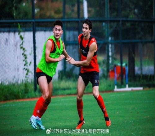 8月23日晚,中甲联赛第20轮苏州东吴队赛前新闻发布会召开,主教练金大仪携队员伊巴谦出席。
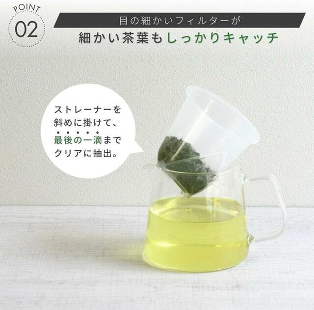 樹脂製で型崩れしにくく茶葉も挟まりにくいため、茶殻の処理も簡単。さらにストレーナーに「足」がついているため、ポットから外しても自立しますよ。
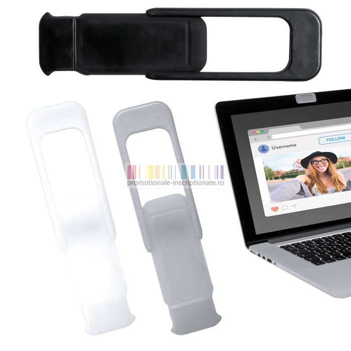 Dispozitive promotionale realizate din plastic si disponibille in 3 culori pentru camere video de laptop, cu capac anti-spionare si suprafata autoadezive pentru fixare.
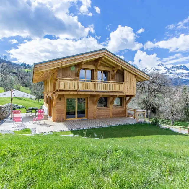 Individual chalet of 110m2 (+ garage, cellar and laundry room), fitted out near the village center of Combloux (1.2km).
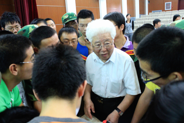 讲座结束时,周立伟院士拿出自己学生时代的笔记本给在场的同学们观看,一丝不苟的记录和演算让同学们为之震撼。将近两个小时的讲座,80岁的周立伟院士始终饱含严谨负责的态度和对青年学生的殷切关爱,让在场同学近距离感受了老一辈科学家的风采。
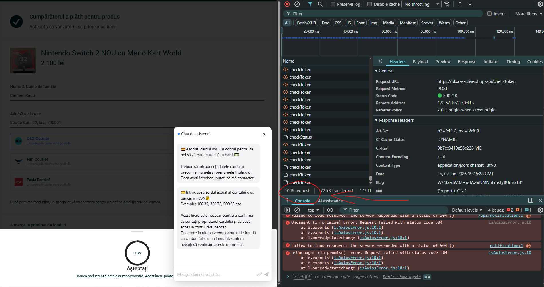 Now here comes an interesing part. I've been monitoring what requests the page is sending out throughout all this back and forth, and the page began sending hundreds of "checkToken" requests to a cloudflare backend. (There were periodic requests sent before this too, "ping" and "MessageGet" requests but those didn't seem that interesting, they just retrieved the messages in the chat window.)
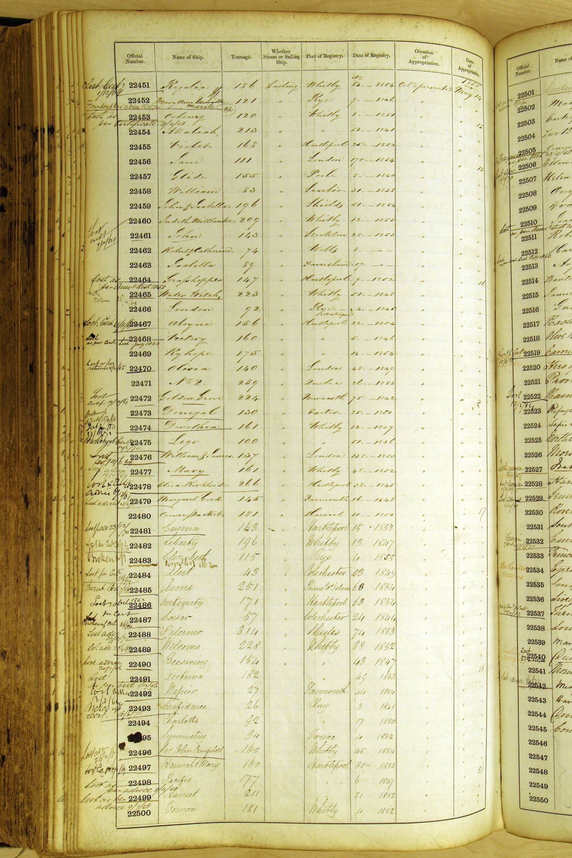 Especially in the first volume, there are frequent margin annotations against the entries which (if you can decipher them) can provide information on the ultimate fate of the ship. Typical entries are 'Lost as per cert[ificate] 20/6/58' or 'Sold foreigners per advice 8/4/67'. Beware - it is sometimes not easy to see which entry it refers to. However, these annotations may be a useful quick alternative to consulting the original Shipping Registers.
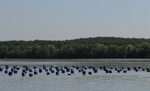 | Élevage d’huîtres sur les côtes de Cân Gio. |
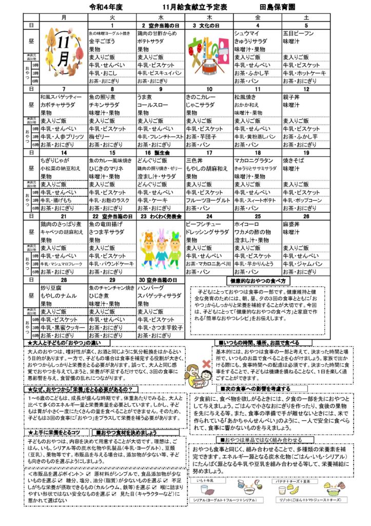 令和4年度 11月献立表
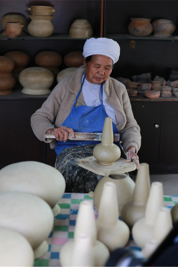 勐永镇城子村土陶制作省级非遗传承人宋永荟是该村6户从事土陶制作的傣族农户之一,她从事土陶制作三十多年,凭借多年对土陶制作这门手艺的热爱,土陶制作就在家里进行,既可以照顾老人和外孙女,也可以同时分出一部分时间制作土陶,一年收入一万多元补贴家用。
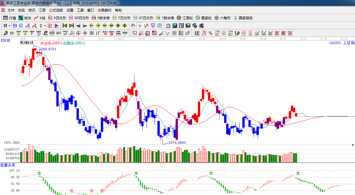 ★依據(jù)贏家江恩系統(tǒng)乾坤K線提示:k線,破位短線出局線,處于關(guān)注線之上,紅色可操作區(qū)域,短空波多。
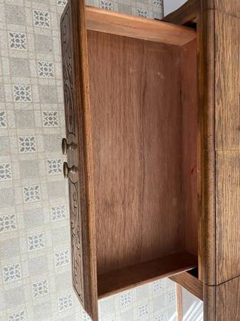 Solid Oak wood bar server, with wheels. Lots of space to store your bar needs.
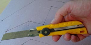 3. | Rock faces usually have two kinds of crevices, wide shallow vertical crevices and deep thin horizontal cracks. First we'll work on the shallow vertical crevices. Using the knife, cut some shallow grooves into the foam. These range from 1/4" wide to 1" wide. The depth can also be from 1/4" to 1" deep. The real trick to making it look natural is to have a variety of cuts. Make one vertical groove that is shallow and the next one fairly deep. Make one groove fairly thin and the next groove wide. Make one groove straight up and down and the next groove angle to the left. Make one groove choppy and the next one smoother. The variety of size, depth, angle and texture will give your rock face a more natural look. |
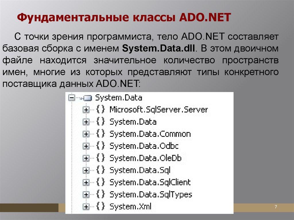 базовая сборка с именем System.Data.dll. В этом двоичном
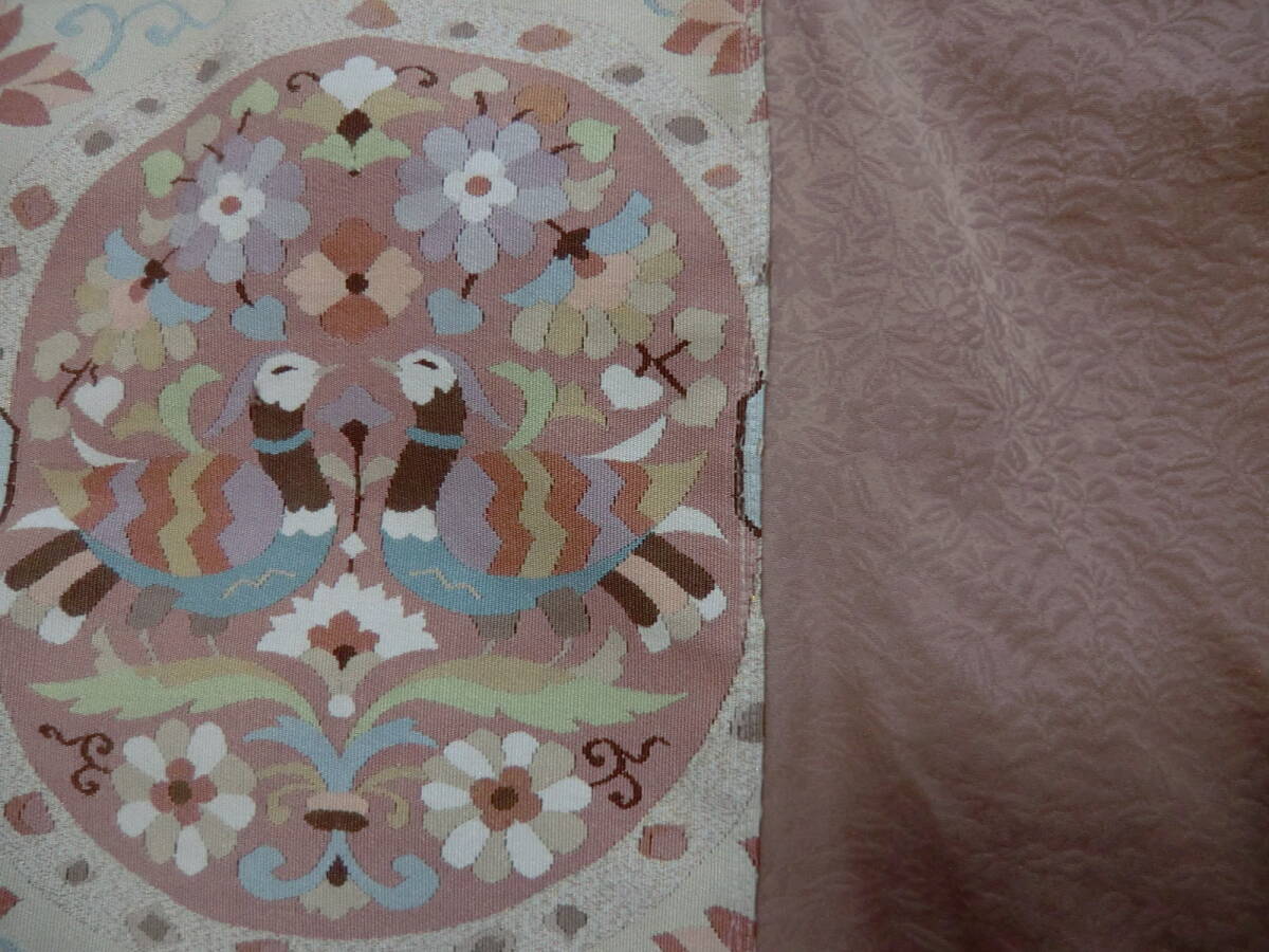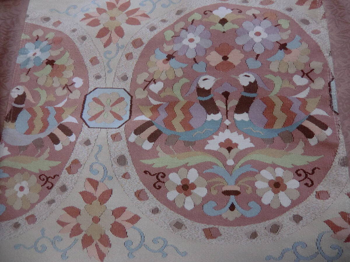 帯は生成色地に丸文に吉祥文様と向かい鳥柄です。

Exercise: Would you transcribe all of the data exactly, apart from its pictures?

Output:
 8月23日晚,中甲联赛第20轮苏州东吴队赛前新闻发布会召开,主教练金大仪携队员伊巴谦出席。
 樹脂製で型崩れしにくく茶葉も挟まりにくいため、茶殻の処理も簡単。さらにストレーナーに「足」がついているため、ポットから外しても自立しますよ。
 Dispozitive promotionale realizate din plastic si disponibille in 3 culori pentru camere video de laptop, cu capac anti-spionare si suprafata autoadezive pentru fixare.
 Individual chalet of 110m2 (+ garage, cellar and laundry room), fitted out near the village center of Combloux (1.2km).
 讲座结束时,周立伟院士拿出自己学生时代的笔记本给在场的同学们观看,一丝不苟的记录和演算让同学们为之震撼。将近两个小时的讲座,80岁的周立伟院士始终饱含严谨负责的态度和对青年学生的殷切关爱,让在场同学近距离感受了老一辈科学家的风采。
 Now here comes an interesing part. I've been monitoring what requests the page is sending out throughout all this back and forth, and the page began sending hundreds of "checkToken" requests to a cloudflare backend. (There were periodic requests sent before this too, "ping" and "MessageGet" requests but those didn't seem that interesting, they just retrieved the messages in the chat window.)
 Especially in the first volume, there are frequent margin annotations against the entries which (if you can decipher them) can provide information on the ultimate fate of the ship. Typical entries are 'Lost as per cert[ificate] 20/6/58' or 'Sold foreigners per advice 8/4/67'. Beware - it is sometimes not easy to see which entry it refers to. However, these annotations may be a useful quick alternative to consulting the original Shipping Registers.
 | Élevage d’huîtres sur les côtes de Cân Gio. |
 令和4年度 11月献立表
 勐永镇城子村土陶制作省级非遗传承人宋永荟是该村6户从事土陶制作的傣族农户之一,她从事土陶制作三十多年,凭借多年对土陶制作这门手艺的热爱,土陶制作就在家里进行,既可以照顾老人和外孙女,也可以同时分出一部分时间制作土陶,一年收入一万多元补贴家用。
 ★依據(jù)贏家江恩系統(tǒng)乾坤K線提示:k線,破位短線出局線,處于關(guān)注線之上,紅色可操作區(qū)域,短空波多。
 Solid Oak wood bar server, with wheels. Lots of space to store your bar needs.
 3. | Rock faces usually have two kinds of crevices, wide shallow vertical crevices and deep thin horizontal cracks. First we'll work on the shallow vertical crevices. Using the knife, cut some shallow grooves into the foam. These range from 1/4" wide to 1" wide. The depth can also be from 1/4" to 1" deep. The real trick to making it look natural is to have a variety of cuts. Make one vertical groove that is shallow and the next one fairly deep. Make one groove fairly thin and the next groove wide. Make one groove straight up and down and the next groove angle to the left. Make one groove choppy and the next one smoother. The variety of size, depth, angle and texture will give your rock face a more natural look. |
 базовая сборка с именем System.Data.dll. В этом двоичном
 帯は生成色地に丸文に吉祥文様と向かい鳥柄です。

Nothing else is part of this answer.